19 mois pour que le peuple perde patience et se soulève vraiment, car le regard jupitérien ne pouvait percevoir les prémices d'une exaspération bien au-dessous de lui et sûrement le fait de quelques « gaulois fainéants et inefficaces » qui ne pensaient même pas à « traverser la rue », les gueux.

Alors, répondant à l'appel de personnes dégourdies, ils se sont rassemblés, d'abord sur la plainte des « fins de mois » ne leur permettant pas de faire face à l'augmentation du prix des carburants, prétendument dévolue à la transition énergétique, un gros bobard, précédant celle, prévue pour janvier du gaz et de l'électricité.

Au grand mépris qui leur était opposé, à ces « beaufs qui roulent au diesel et qui clopent », ils ont répondu par la joie du retour de la solidarité, du partage, du bonheur d'échanger, de se retrouver, jeunes actifs surtout micro-entrepreneurs, chômeurs, salariés modestes, retraités, et de se sentir à nouveau investis de leur dignité perdue. De plus, les encouragements de la grande majorité de la population, l'essaimage du mouvement dans d'autres pays (Bulgarie, Hongrie, Allemagne, Belgique, même Israël et Liban) leur a fait chaud au cœur, malgré une répression policière variable, pas vraiment logique, parfois inutilement violente (gazages, brutalisations, humiliation des lycéens de Mantes-la-Jolie, blessures par flashballs, même lors de manifestations non-violentes comme à Montpellier).

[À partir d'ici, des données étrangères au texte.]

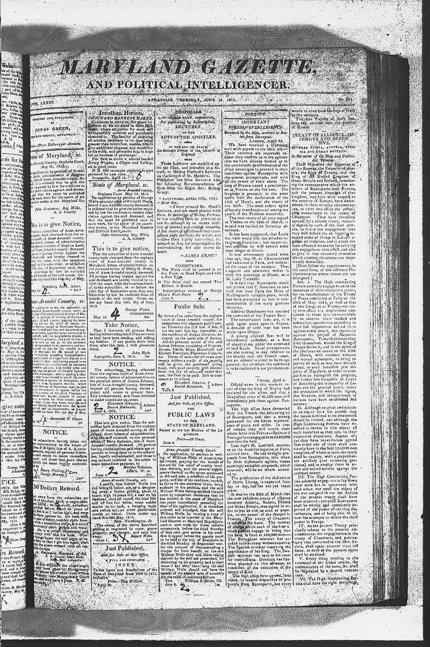 Maryland Gazette and Maryland Gazette and Political Intelligencer Collections MSA SC 2731 and SC 3403 January 2, 1811 - December 19, 1816 M 1287 A Publication of the Archives of Maryland Online Image No: 1053
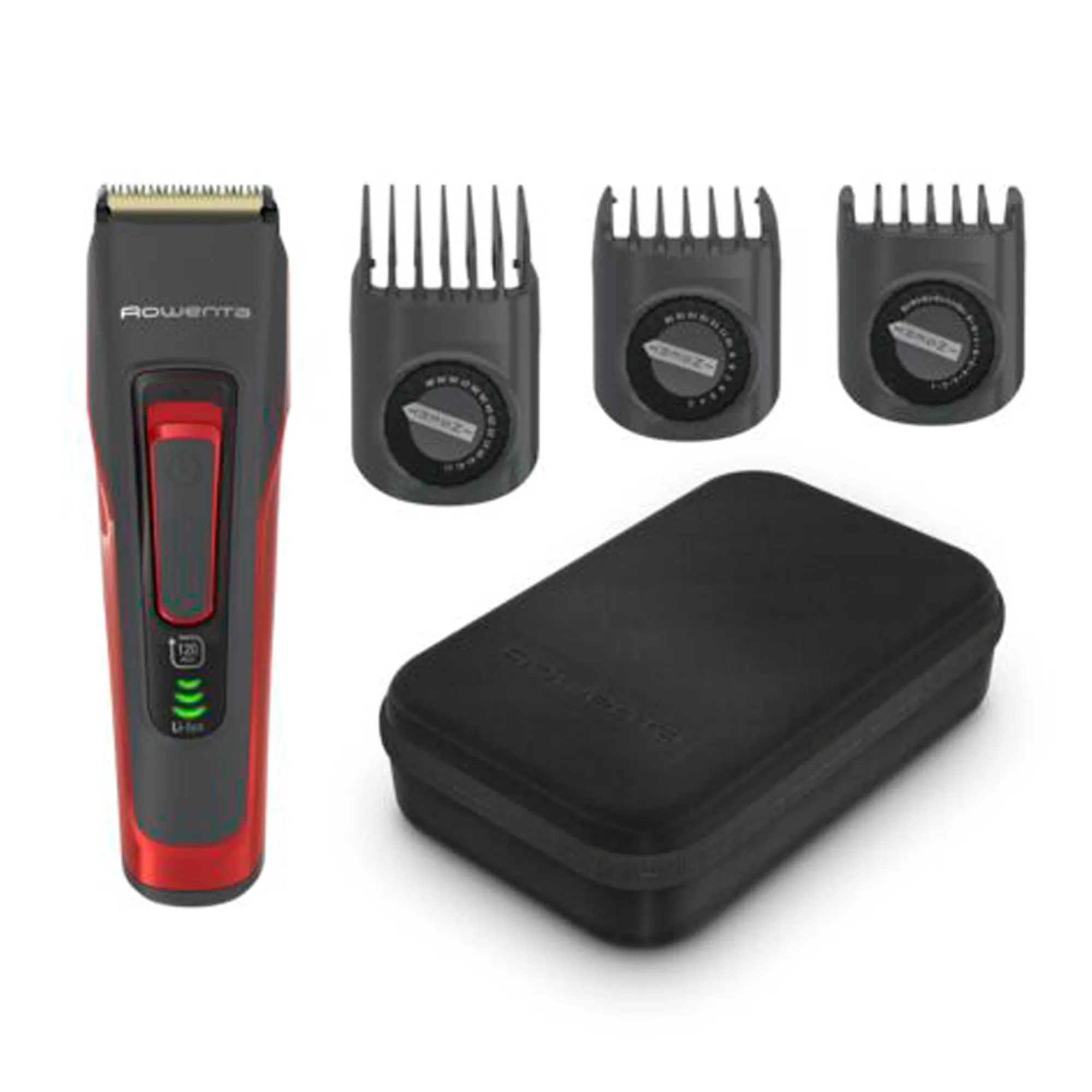 Aparat de tuns parul Rowenta Advancer TN5221F4, autonomie 120min, încărcare rapida, 3 piepteni, 45 de lungimi de tăiere, lame cu tehnologie de auto-ascutire, negru&roșu
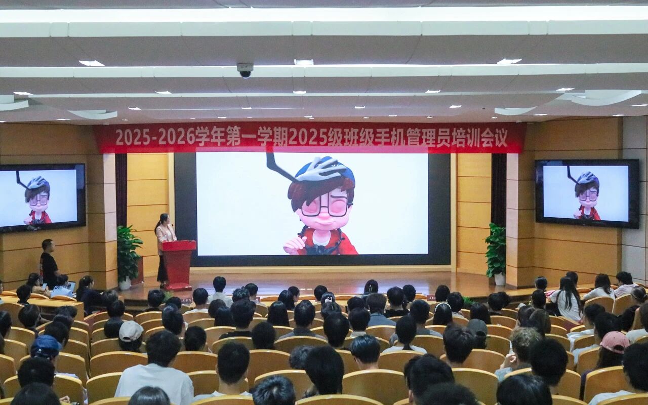为夯实“无手机课堂”学风建设基础,助力班级手机管理员提升工作能力、实现从“事务执行者”向“成长引领者”的角色转变,10月14日下午,学务部召开了2025级班级手机管理员培训会。学校校长助理、学务部部长邬佳,学务部副部长王亦飞,各学院学工办主任以及2025级各班级班长、团支书和手机管理员代表参加会议。学务部童云老师主持会议。
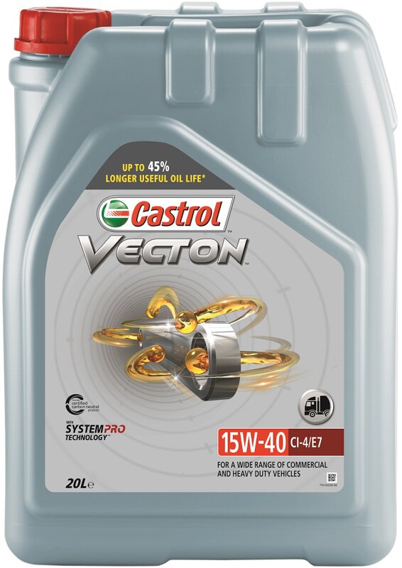 Castrol VECTON 15W-40 CI-4/E7 с технологией System Pro обеспечивает улучшение эксплуатационных характеристик масла вплоть до 45%, противостоит деградации смазочного материала, а также адаптируется к более высоким рабочим температурам для увеличения эффективного срока службы масла, что дает вам уверенность при его использовании с максимальными интервалами замены.
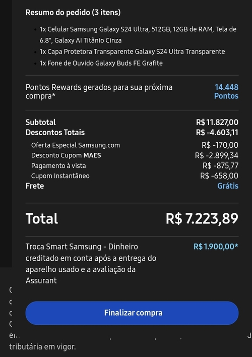 Na epoca eu fiz essa parada ai. Recebi os 1000 de desconto num a03s velho que tinha na empresa e paguei R$4990,00 +- no S24 ultra , ai passei meu s21 com linha rosa para atendimento da minha emprsa hehe. Foi so alegria
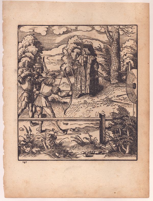 xilografia, 31,7 x 23,7 cm, edizione di Der Weisskinig del 1775, stampata su carta vergata, foglio in buone condizioni salvo lievi bruniture, incollato lungo il margine superiore su passe-partout moderno. Bartsch 80
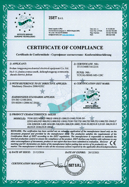 通廣機械通過ISO9001質量管理體系認證,CE認證,重合同守信用等各項認證及榮譽。
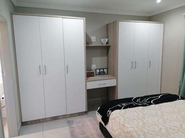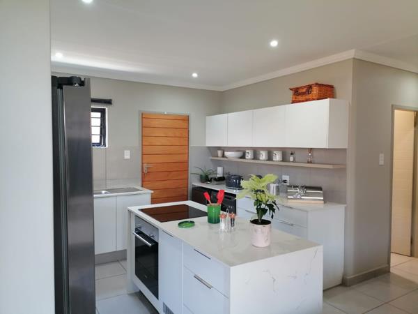 Spacious 3 bedroom 2.5 bathroom for sale. in a secure estate offering a beautiful garden, open plan kitchen with space for three wet appliances, electric stove, space for a double door fridge, main Bathrooms with full bathroom, Guest Bathroom, guest bathroom with tub only, spacious master room with en-suite and its suitable for queen bed, Parking for 2 covered parking, prepaid water and electricity, fiber ready, affluent, Complex offers, Kids play area, Communal entertainment area, Biometric access control, 24hr security, Electric fencing, Security gates, Perimeter wall
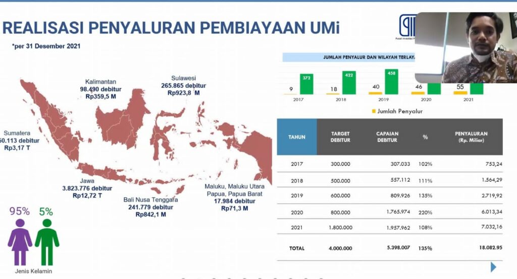 “Kita buatkan berita acara, angka pastinya penyaluran pembiayaan UMi kami di tahun 2021, dari target 1,8 juta debitur bisa direalisasikan mencapai sekitar 1,9 debitur artinya mencapai 108 persen,” akunya.
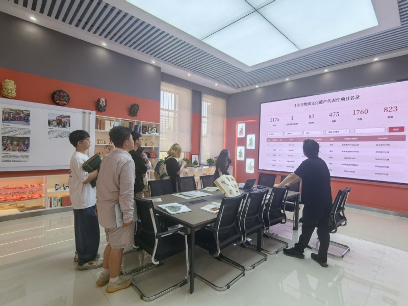 调研团队先后参观了公司非遗知识馆、非遗数字化保护和展室实验室及非遗数据库。参观结束后,调研团队与非遗专业教师举行了非物质文化遗产保护及传播交流会。会上,双方围绕非遗保护创新传播方式、非遗与科技融合、创业助力非遗发展等话题展开了深入探讨。魏旭斌分享了甘肃省在非遗保护工作中的经验和做法,强调了社会力量尤其是创业青年在非遗传承与发展中的重要作用。各位创业青年结合自身经历,从市场运作、品牌打造、科技赋能等角度,提出了许多具有建设性的意见和建议。开云教师则从人才培养的层面,阐述了公司非遗保护专业如何为非遗保护培养兼具理论知识与创作能力的专业人才。
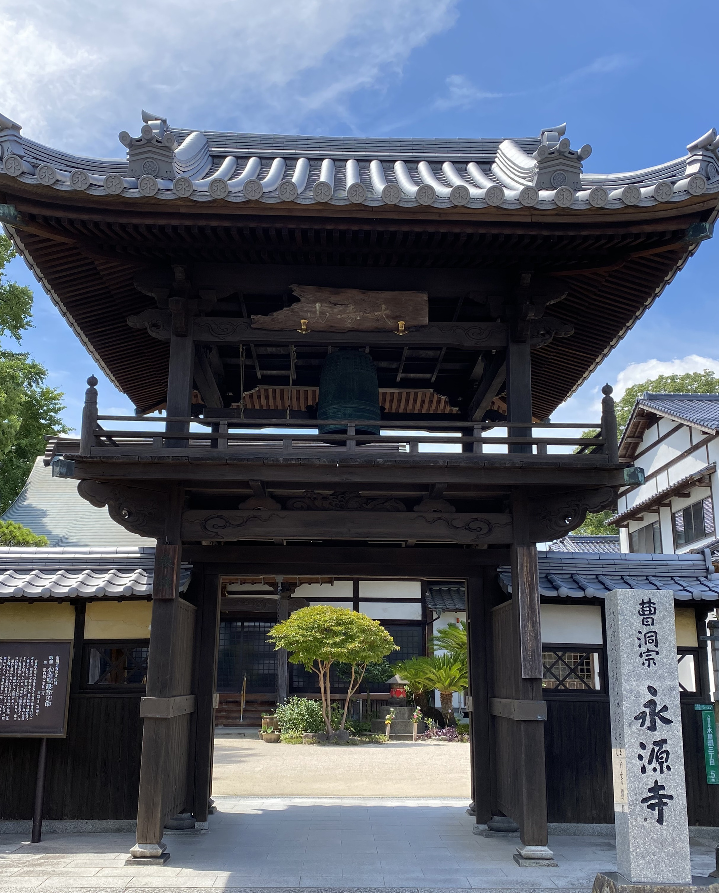 また、山門の上部には梵鐘があり、毎朝6時と夕方5時に9声の梵鐘の音が、木屋瀬の町に響き渡っている。

Ils ont su résister aux tentatives de récupération, surtout par l'extrême-droite, comme notre maire avec le déguisement obligatoire en GJ (Gilets Jaunes) de son conseil municipal, mais encore maintenant par Philippot qui n'a pas eu honte de déposer le nom « GJ » à l'INPI (Institut National de la Propriété Industrielle) et d'ouvrir ses grands bras à tous ceux qui veulent. Mais le parti communiste a aussi fait des ouvertures...Ils ont peu cédé à la tentative de violences, surtout en province

 Ils ont su résister aux tentatives de récupération, surtout par l'extrême-droite

Et surtout, ils ont discuté, réfléchi, affiné, élargi leur éducation politique et donc défini plus précisément leurs objectifs de démocratie avant tout en se retrouvant sur le RIC (Referendum d'Initiative Citoyenne) qui leur paraît être le premier pas vers le recouvrement de leur pouvoir légitime. C'était d'ailleurs une des promesses électorales de Ménard, comme les comités citoyens, mais il y a renoncé officiellement, arguant que « c'était trop cher ». Autant en emporte le vent.

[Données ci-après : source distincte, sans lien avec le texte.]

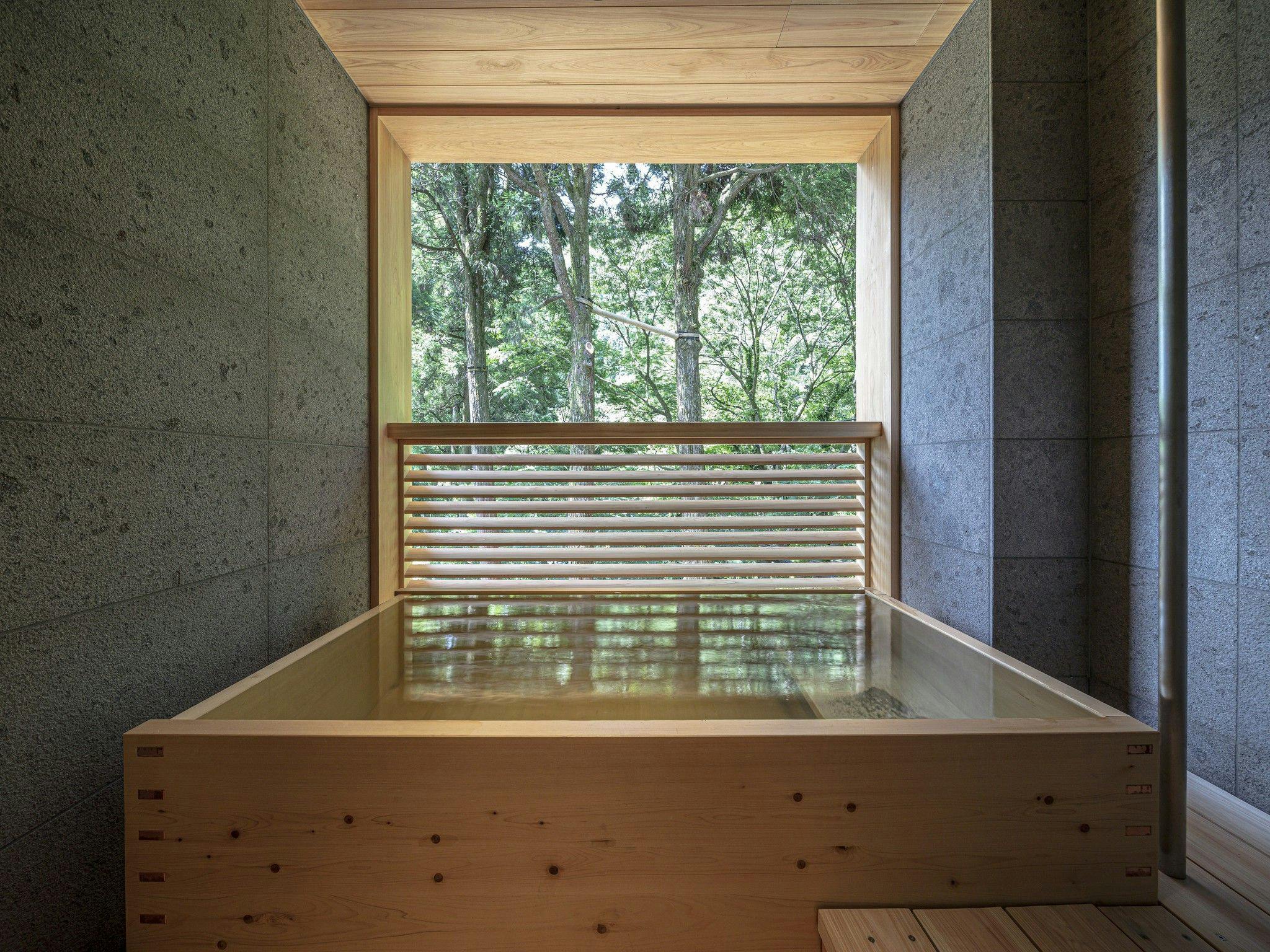 露天風呂の目隠しルーバーを開放すると、ダイナミックな景観が楽しめます。

Ils ne se trompent pas sur la difficulté à la mise en œuvre d'un RIC, le seul referendum admis est le RI Partagé entre le gouvernement, le parlement et les citoyens. Mais ils ont mis la barre très haut et c'est tout à leur honneur.
Ils sont fatigués, certains très « remontés » envers le pouvoir aveugle et sourd et ses forces de l' « ordre » qui n'ont pas honte de leur attribuer l'initiative de la violence.

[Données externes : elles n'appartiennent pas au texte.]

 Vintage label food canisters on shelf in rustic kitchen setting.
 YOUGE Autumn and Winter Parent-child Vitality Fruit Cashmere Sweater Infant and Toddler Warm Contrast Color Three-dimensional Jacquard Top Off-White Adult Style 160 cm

Mais ils sont déterminés à tenir, malgré les difficultés, peut-être sous une autre forme qu'ils gardent pour eux, à ne pas se doter de chefs, de structures pyramidales ou de représentants officiels, certains étant tout de même des relais bouillonnants et rassurants. Ils rejettent toute récupération par les partis politiques qu'ils accusent d'échec.

Pierre Rosanvallon, à la radio ce 5 janvier, donne ses définitions de la démocratie qui est en fait LA revendication : « La démocratie, c'est donner une voix (et une voie NDLR) à chacun » et « la démocratie, c'est la société des égaux ». Il constate l'évolution de la société et préconise un « changement de lunettes » aux dirigeants.

Cela faisait longtemps que le pays, dépressif, résigné devant le rouleau compresseur n'avait pas été traversé par un souffle rafraîchissant, tenace, populaire et joyeux. Grâce leur soit rendue et que vive ce beau mouvement.

 1) « Godillots » était le qualificatif dont de Gaulle avait qualifié un parlement soumis à l'exécutif.